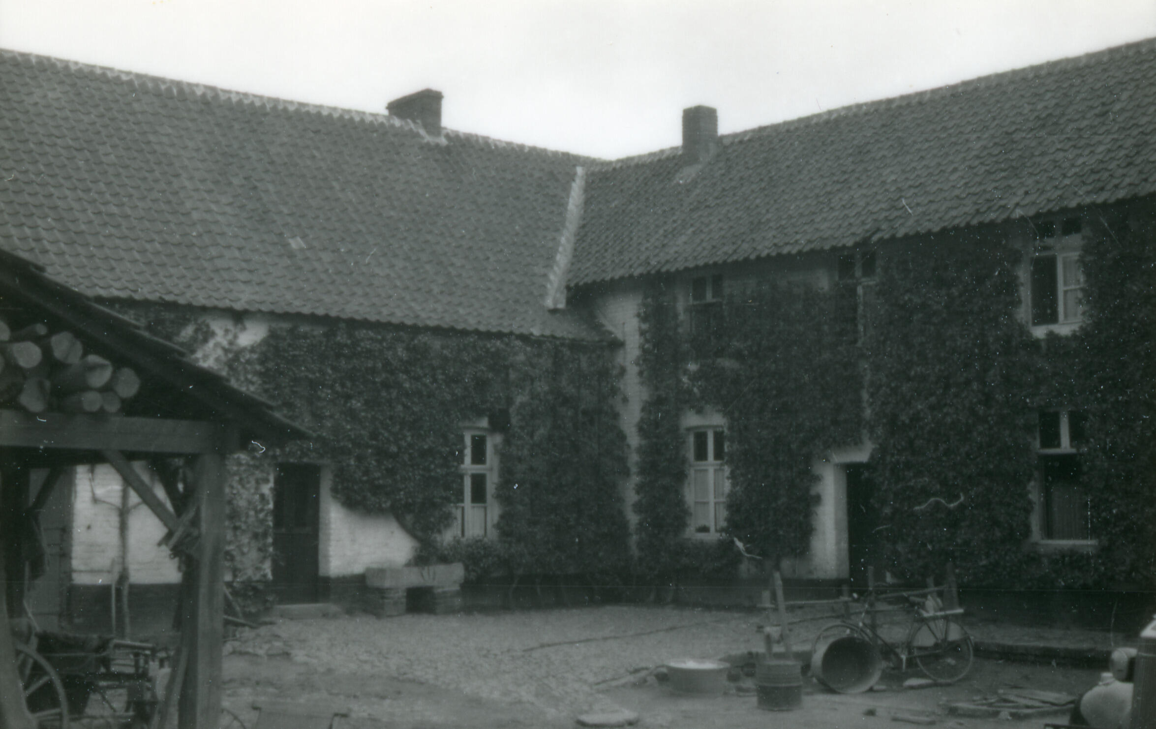 Binnenplaats van een vierkantshoeve, Maasbracht, 1940 (zwart-wit foto)
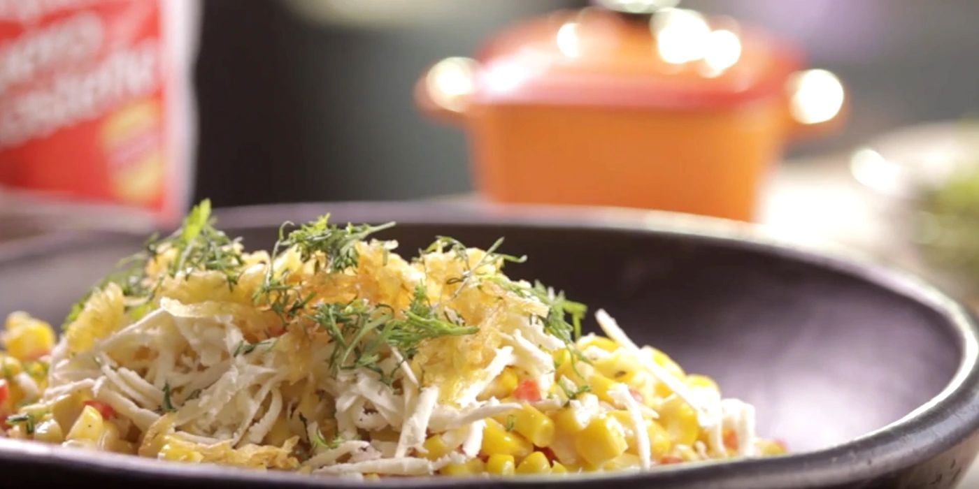 - 5Servimos el maíz caliente en el plato, sobre este ponemos una capa de las papas y terminamos decorando con el cilantro finamente picado.
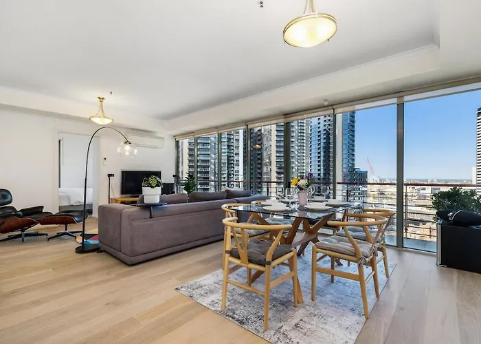 Southbank Towers - Prestigious 16Th Floor 3Br Apt si trova a soli 550 metri da Crown Towers Melbourne. Una passeggiata di 20 minuti porterà gli ospiti alla Biblioteca dello Stato di Victoria. Potrai inoltre raggiungere l'Impianto Sportivo Polivalente Melbourne Cricket Ground, che è a 2 km da questa struttura.
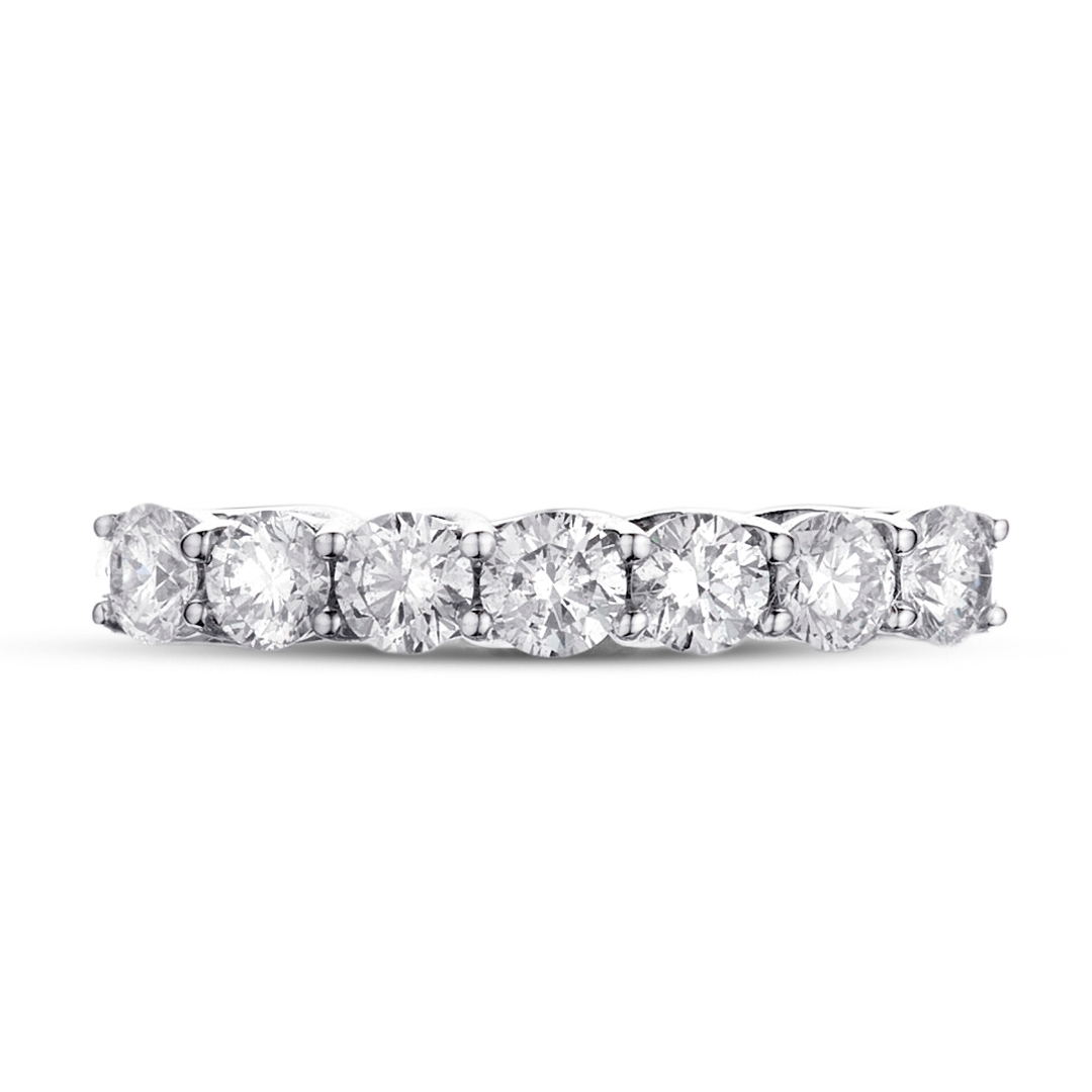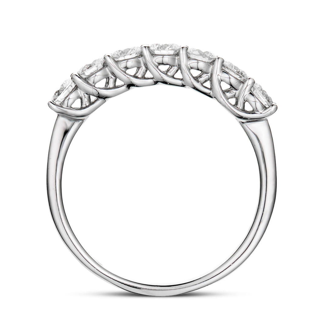 Natural diamonds are renowned for their exceptional beauty and rarity, and this ring sophisticatedly showcases these qualities. The seven brilliant-cut diamonds are carefully set to create a continuous sparkle flow, symbolising timeless love and commitment. The 18ct white gold setting enhances the diamonds’ natural radiance, providing a luxurious backdrop that elevates the overall design.
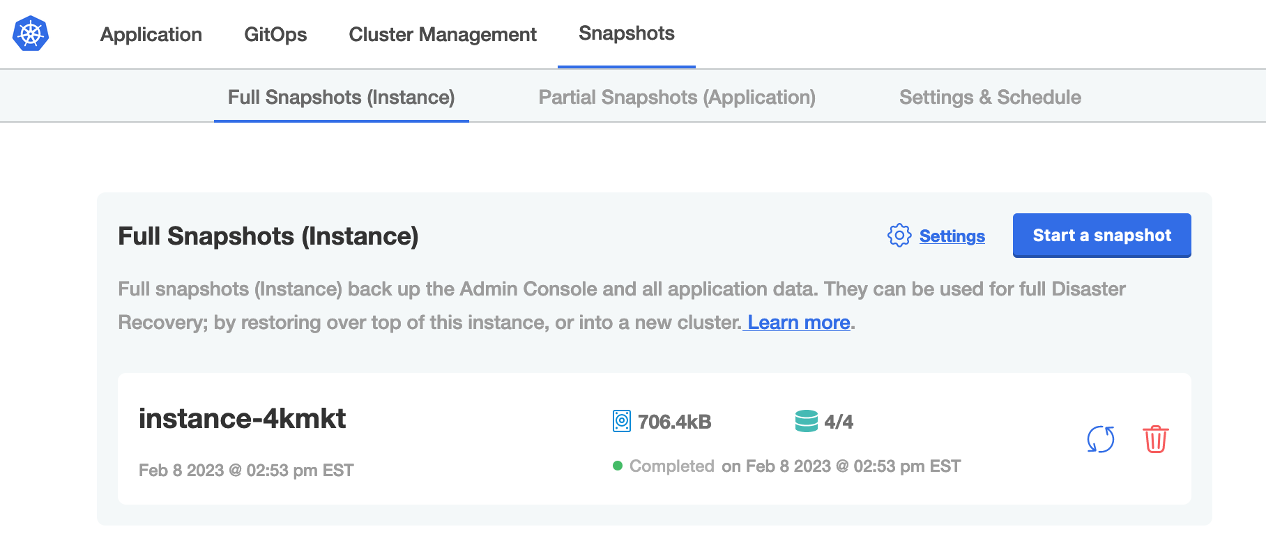 kubectl kots get backupscommand to get the list of full backups for the instance. -
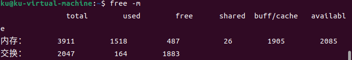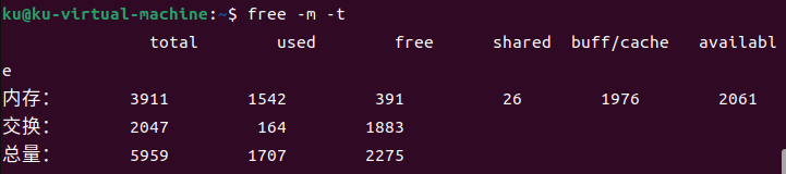 - free命令用于显示系统中的内存使用情况,默认情况下以KB为单位显示结果。
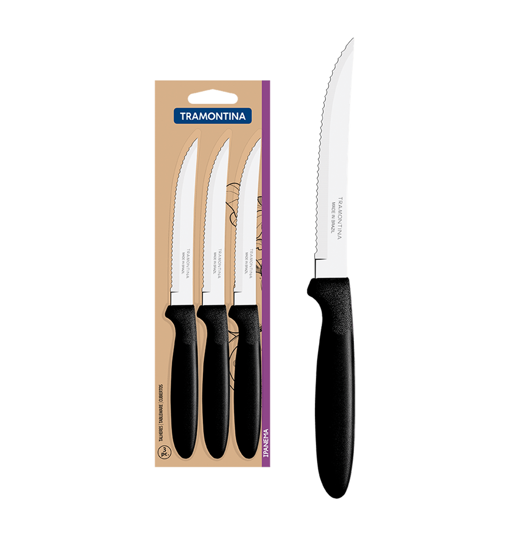 Juego de Cuchillos para Asado 3 Piezas Ipanema en Acero Inoxidable y Mangos Polipropileno Negro - Tramontina
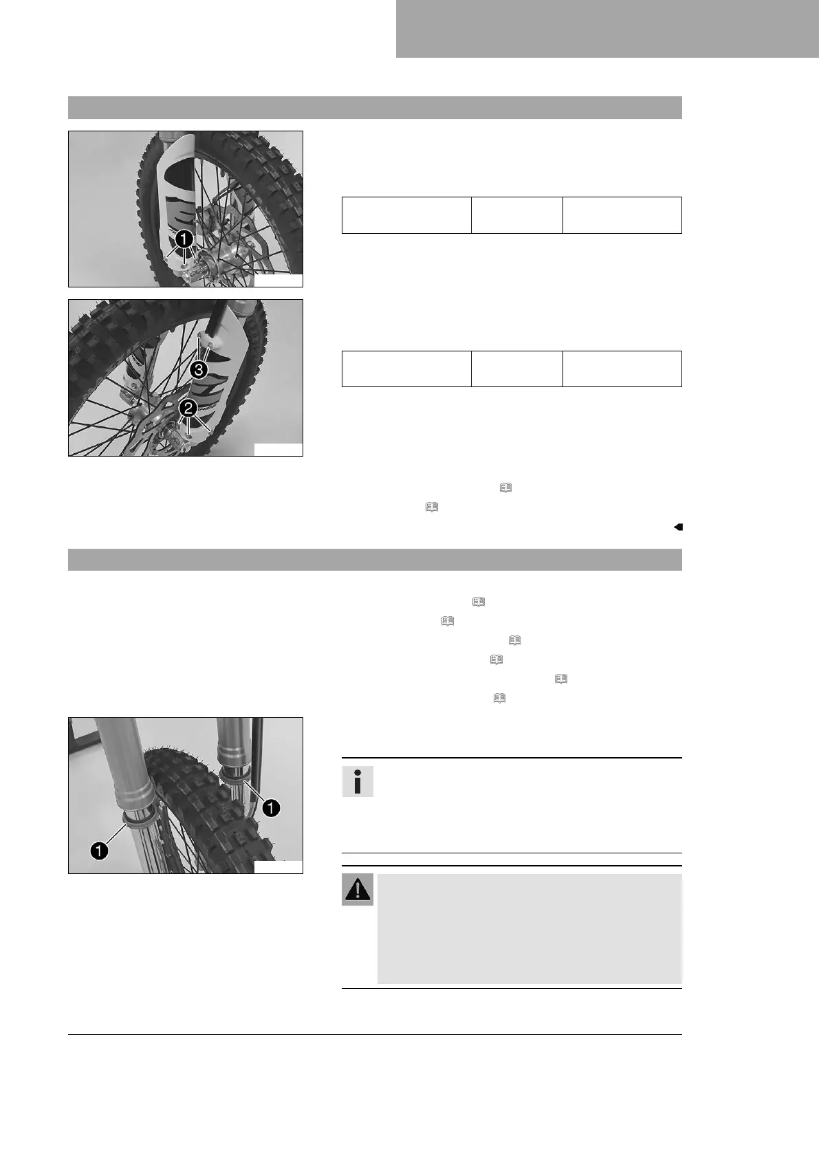 – Raise the motorcycle with a lift stand. ( p. 57)
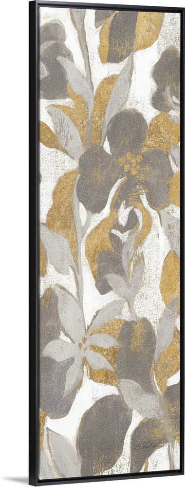 <p>Floral panel painting in gold, silver, gray, and white hues.</p>
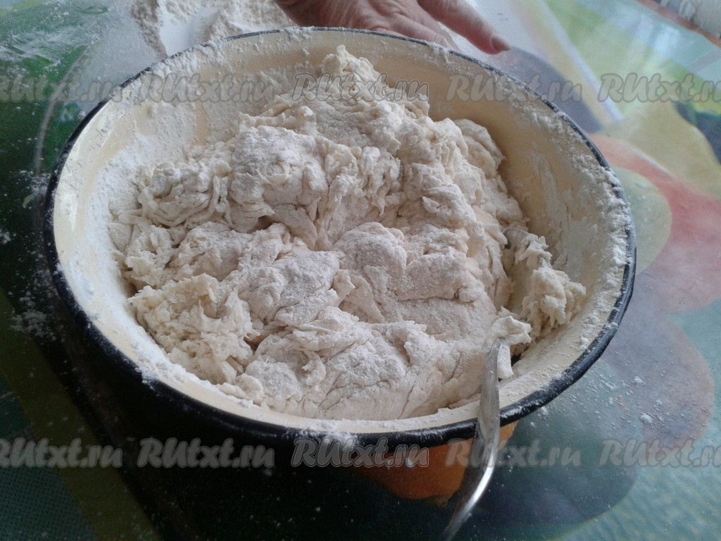 Когда тесто станет очень густым, его дальше нужно выложить на стол, посыпанный мукой, и вымесить руками. Как только тесто перестанет липнуть к рукам, значит оно готово. Главное тесто не забить сильно мукой, иначе коржи получатся резиновыми.
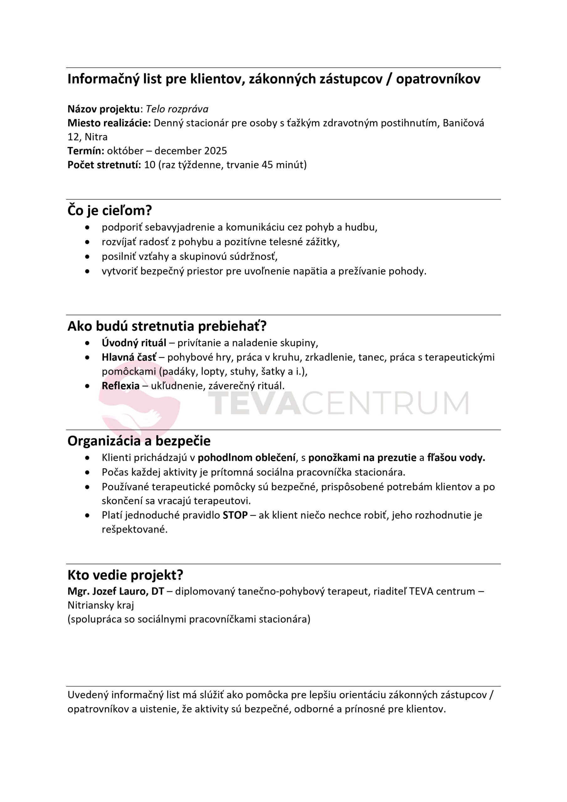 Realizácia terapeutických stretnutí bola realizovaná vďaka podpore Nitrianského samosprávneho kraja pod vedením predsedu župana Branislava Becíka zameraná na podporu sociálne a zdravotne znevýhodnených občanov.
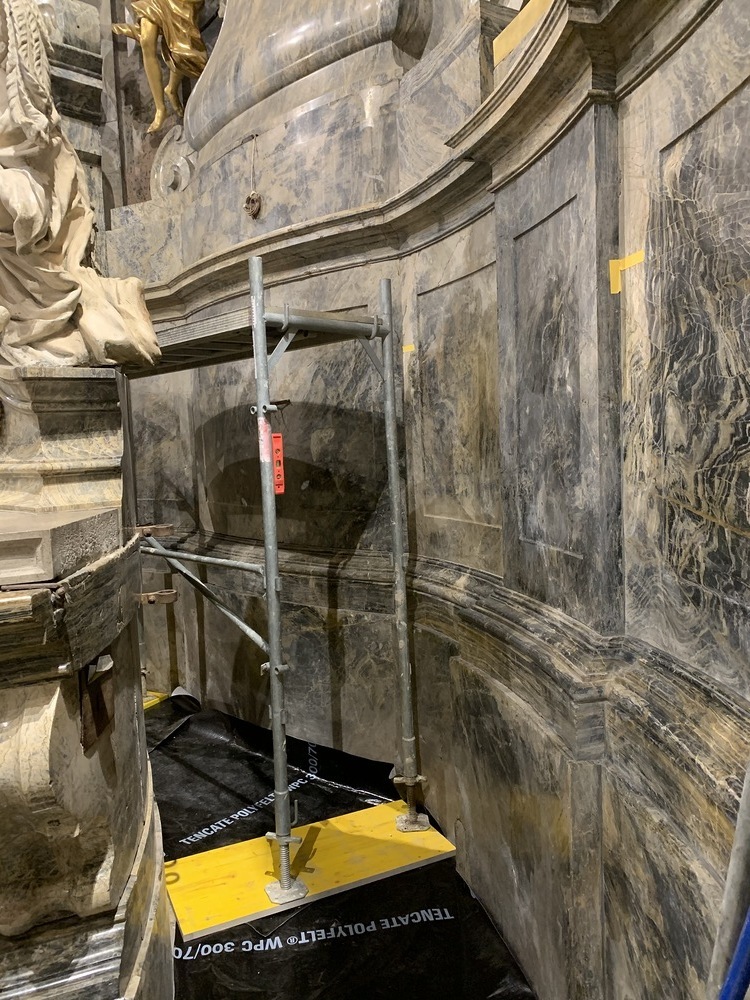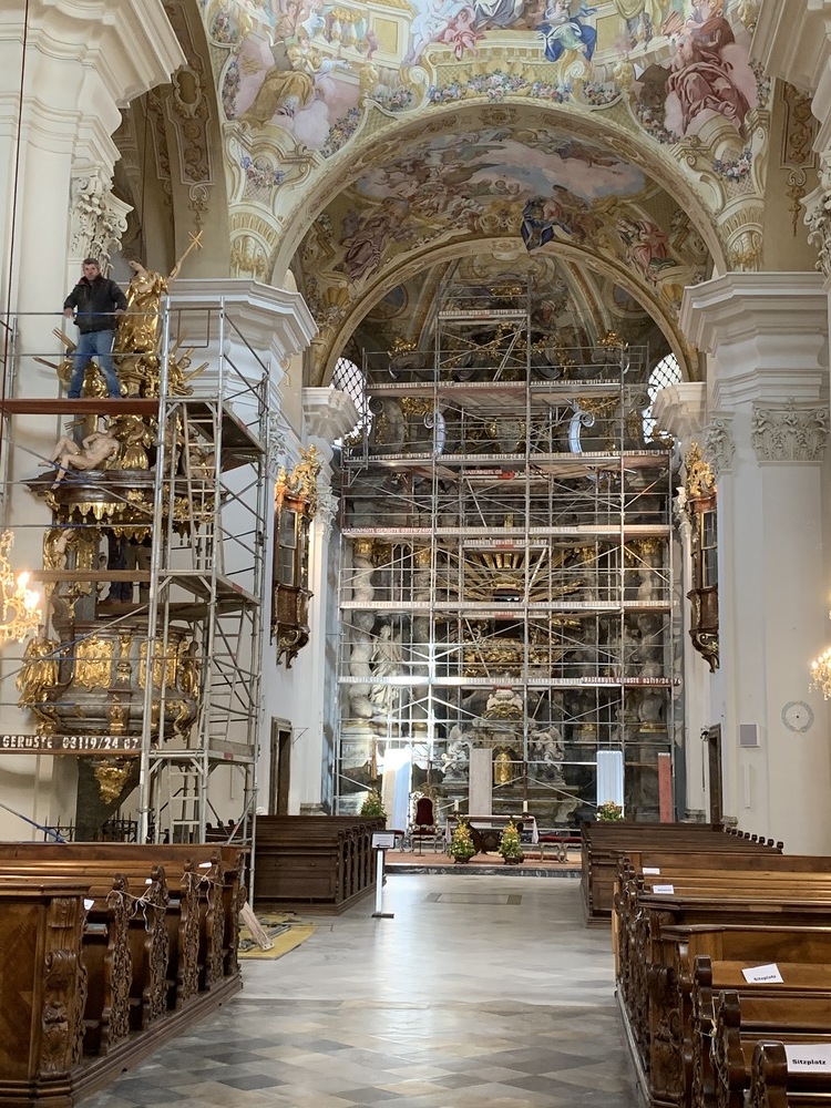 In der Basilika wurden in dieser Woche der Hochaltar und die Kanzel eingerüstet.

EXERCISE REQUIREMENTS
Return exactly the stretch above whose first line contains "Juego de Cuchillos" and whose last line contains "Realizácia terapeutických stretnutí", and nothing outside it. The pictures should not appear.

RESULT
 Juego de Cuchillos para Asado 3 Piezas Ipanema en Acero Inoxidable y Mangos Polipropileno Negro - Tramontina
 – Raise the motorcycle with a lift stand. ( p. 57)
 <p>Floral panel painting in gold, silver, gray, and white hues.</p>
 Когда тесто станет очень густым, его дальше нужно выложить на стол, посыпанный мукой, и вымесить руками. Как только тесто перестанет липнуть к рукам, значит оно готово. Главное тесто не забить сильно мукой, иначе коржи получатся резиновыми.
 Realizácia terapeutických stretnutí bola realizovaná vďaka podpore Nitrianského samosprávneho kraja pod vedením predsedu župana Branislava Becíka zameraná na podporu sociálne a zdravotne znevýhodnených občanov.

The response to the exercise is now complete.